Under Rule 8.3(a) of the Code, any person who is interested in 1 per cent. or more of any class of relevant securities of an offeree company or of any securities exchange offeror (being any offeror other than an offeror in respect of which it has been announced that its offer is, or is likely to be, solely in cash) must make an Opening Position Disclosure following the commencement of the offer period and, if later, following the announcement in which any securities exchange offeror is first identified. An Opening Position Disclosure must contain details of the person's interests and short positions in, and rights to subscribe for, any relevant securities of each of: (a) the offeree company; and (b) any securities exchange offeror(s). An Opening Position Disclosure by a person to whom Rule 8.3(a) of the Code applies must be made by no later than 3.30 pm (London time) on the 10th Business Day following the commencement of the offer period and, if appropriate, by no later than 3.30 pm (London time) on the 10th Business Day following the announcement in which any securities exchange offeror is first identified.  Relevant persons who deal in the relevant securities of the offeree company or of a securities exchange offeror prior to the deadline for making an Opening Position Disclosure must instead make a Dealing Disclosure.

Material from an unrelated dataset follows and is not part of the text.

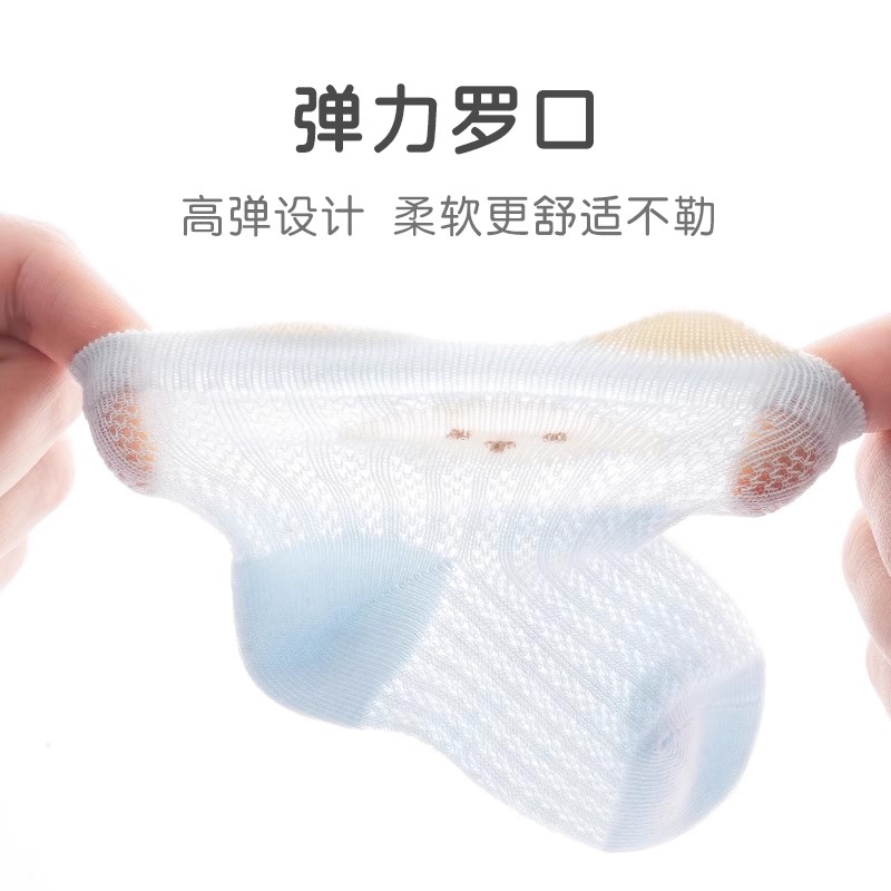 婴儿袜子夏季薄款纯色透气网眼新生儿宝宝无骨棉袜男女儿童中筒袜

Under Rule 8.3(b) of the Code, any person who is, or becomes, interested in 1 per cent. or more of any class of relevant securities of the offeree company or of any securities exchange offeror must make a Dealing Disclosure if the person deals in any relevant securities of the offeree company or of any securities exchange offeror. A Dealing Disclosure must contain details of the dealing concerned and of the person's interests and short positions in, and rights to subscribe for, any relevant securities of each of: (a) the offeree company; and (b) any securities exchange offeror(s), save to the extent that these details have previously been disclosed under Rule 8 of the Code. A Dealing Disclosure by a person to whom Rule 8.3(b) of the Code applies must be made by no later than 3.30 pm (London time) on the Business Day following the date of the relevant dealing.

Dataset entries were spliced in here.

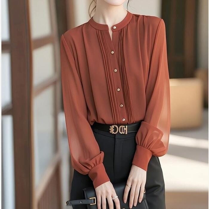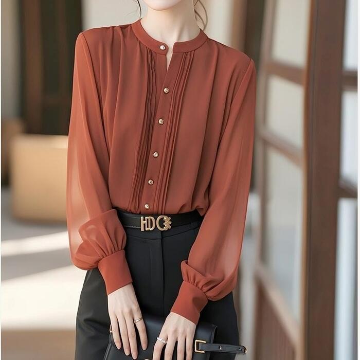 大きいサイズ トップス シャツ ブラウス シフォン パフスリーブ エレガント レディース 大人 可愛い きれいめ カジュアル フェミニン 長袖 ボリュームスリーブ ゆったり 体型カバーナチュラル クラシカル レッド 赤 春 秋 夏 冬 20代 30代 40代 50代
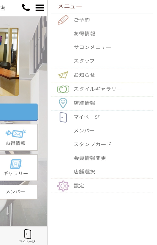▼マイページ機能で来店履歴や予約履歴がポイント保有数が確認できます。
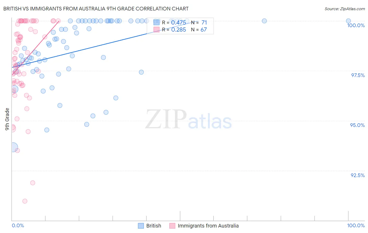 British vs Immigrants from Australia 9th Grade Correlation Chart
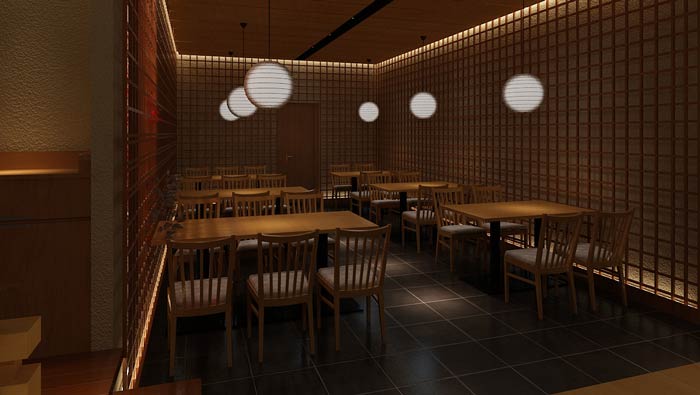 日本料理餐廳餐區(qū)設(shè)計(jì):這里由六人餐區(qū)、四人餐區(qū)構(gòu)成,六人餐區(qū)位于空間的左側(cè),四人餐區(qū)位于空間的右側(cè),依次遞進(jìn)的排列方式,是為了保證空間的和諧。

If two or more persons act together pursuant to an agreement or understanding, whether formal or informal, to acquire or control an interest in relevant securities of an offeree company or a securities exchange offeror, they will be deemed to be a single person for the purpose of Rule 8.3 of the Code.

Opening Position Disclosures must also be made by the offeree company and by any offeror and Dealing Disclosures must also be made by the offeree company, by any offeror and by any persons acting in concert with any of them (see Rules 8.1, 8.2 and 8.4 of the Code).

Details of the offeree and offeror companies in respect of whose relevant securities Opening Position Disclosures and Dealing Disclosures must be made can be found in the Disclosure Table on the Takeover Panel's website at www.thetakeoverpanel.org.uk, including details of the number of relevant securities in issue, when the offer period commenced and when any offeror was first identified.  You should contact the Takeover Panel's Market Surveillance Unit on +44 (0)20 7638 0129 if you are in any doubt as to whether you are required to make an Opening Position Disclosure or a Dealing Disclosure.

Publication on website and availability of hard copies

A copy of this announcement will be made available, subject to certain restrictions relating to persons resident in Restricted Jurisdictions, free of charge on Telit's website at https://www.telit.com/about/investor-relations/possible-offers/.  Neither the contents of this website nor the content of any other website accessible from hyperlinks on such website is incorporated into, or forms part of, this announcement.